Однажды дядя все же привез меня к ней. Дома матери не оказалось, и я стала играть с другими детьми. Когда она пришла с работы, пригласила нас к себе. Уже за столом, разглядывая меня, спросила дядю: «Такая хорошенькая девочка! Чья она?»
Она меня не узнала! Свою родную дочь. Когда мы вернулись в деревню, дядя это рассказал всем. Как мне хотелось зажать ему рот ладонью, чтобы он замолчал!
Вскоре меня просватали. Тогда не принято было встречаться с парнем. Не принято, как сейчас говорят, «дружить».
Моим мужем стал дальний родственник Нины, которого я видела всего два раза, Александр. Высокий, статный, красивый. Благодаря его любви я раскрылась и как человек, и как женщина. Это он настоял на том, чтобы я пошла на курсы шитья. Я любила шить и обшивала всех: соседей, родственников, мужа. Александр пользовался большим уважением. К нему обращались за советом все: и стар, и млад. Он умел найти нужные слова, подбодрить, наставить. Я гордилась тем, что я его жена. Когда он заболел, я была уверена, что его выхожу. В течение одного года он иссох, от прежнего великана ничего не осталось. От жутких болей он не мог ни есть, ни спать. Я от него не отходила ни днем, ни ночью: «Только бы с тобой ничего не случилось, мой свет, моя жизнь, моя радость».

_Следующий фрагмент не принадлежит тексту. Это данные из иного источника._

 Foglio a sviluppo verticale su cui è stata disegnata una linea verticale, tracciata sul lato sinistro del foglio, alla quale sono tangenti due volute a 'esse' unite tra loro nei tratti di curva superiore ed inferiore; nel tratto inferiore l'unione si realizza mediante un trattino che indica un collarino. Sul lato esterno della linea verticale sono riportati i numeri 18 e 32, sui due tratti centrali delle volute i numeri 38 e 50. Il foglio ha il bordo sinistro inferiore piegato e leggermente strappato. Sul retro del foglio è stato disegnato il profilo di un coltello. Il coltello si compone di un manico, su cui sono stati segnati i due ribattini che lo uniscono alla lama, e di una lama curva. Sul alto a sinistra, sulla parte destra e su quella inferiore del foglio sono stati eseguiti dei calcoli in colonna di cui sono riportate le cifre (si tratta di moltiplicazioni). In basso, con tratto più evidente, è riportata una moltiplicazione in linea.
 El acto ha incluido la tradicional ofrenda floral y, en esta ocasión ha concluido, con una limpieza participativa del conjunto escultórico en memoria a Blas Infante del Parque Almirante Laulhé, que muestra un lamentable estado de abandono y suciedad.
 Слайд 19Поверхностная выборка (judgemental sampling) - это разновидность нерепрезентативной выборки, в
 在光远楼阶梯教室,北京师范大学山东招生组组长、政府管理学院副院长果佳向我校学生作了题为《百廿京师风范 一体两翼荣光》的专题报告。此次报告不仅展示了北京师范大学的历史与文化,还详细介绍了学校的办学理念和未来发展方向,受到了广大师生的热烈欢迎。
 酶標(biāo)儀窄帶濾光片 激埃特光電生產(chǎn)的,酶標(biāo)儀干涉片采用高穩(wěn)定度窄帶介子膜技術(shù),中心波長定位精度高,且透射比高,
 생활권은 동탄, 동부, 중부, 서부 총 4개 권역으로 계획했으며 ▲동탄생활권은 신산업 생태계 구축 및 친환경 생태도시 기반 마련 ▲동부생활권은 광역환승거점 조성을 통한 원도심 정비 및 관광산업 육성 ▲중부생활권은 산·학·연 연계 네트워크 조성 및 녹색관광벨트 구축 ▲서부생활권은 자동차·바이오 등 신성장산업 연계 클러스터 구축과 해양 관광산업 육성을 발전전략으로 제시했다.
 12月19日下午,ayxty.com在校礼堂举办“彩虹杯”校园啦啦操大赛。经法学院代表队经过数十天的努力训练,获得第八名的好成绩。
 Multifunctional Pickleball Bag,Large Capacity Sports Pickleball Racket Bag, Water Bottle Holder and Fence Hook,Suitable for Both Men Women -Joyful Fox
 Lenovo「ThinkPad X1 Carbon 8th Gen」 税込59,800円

В то утро, когда ему стало совсем плохо, он взял меня за руку, улыбнулся своей обычной мягкой улыбкой: «Помни, что я тебя люблю такую, какая ты есть – сильная и несгибаемая». Попозже его слова помогли мне выжить.
Мир погрузился во мрак. Как такое возможно – его больше нет, а мир продолжает существовать дальше? Зачем восходит солнце, если его нет? Почему еще вертится планета, если его нет?
Я три года не зажигала в доме свет, когда после смены поздней ночью возвращалась домой.
И все эти годы он был со мной – мой свет, моя жизнь!
Тасо закрыла глаза. Надя тихо встала и пошла за тетей.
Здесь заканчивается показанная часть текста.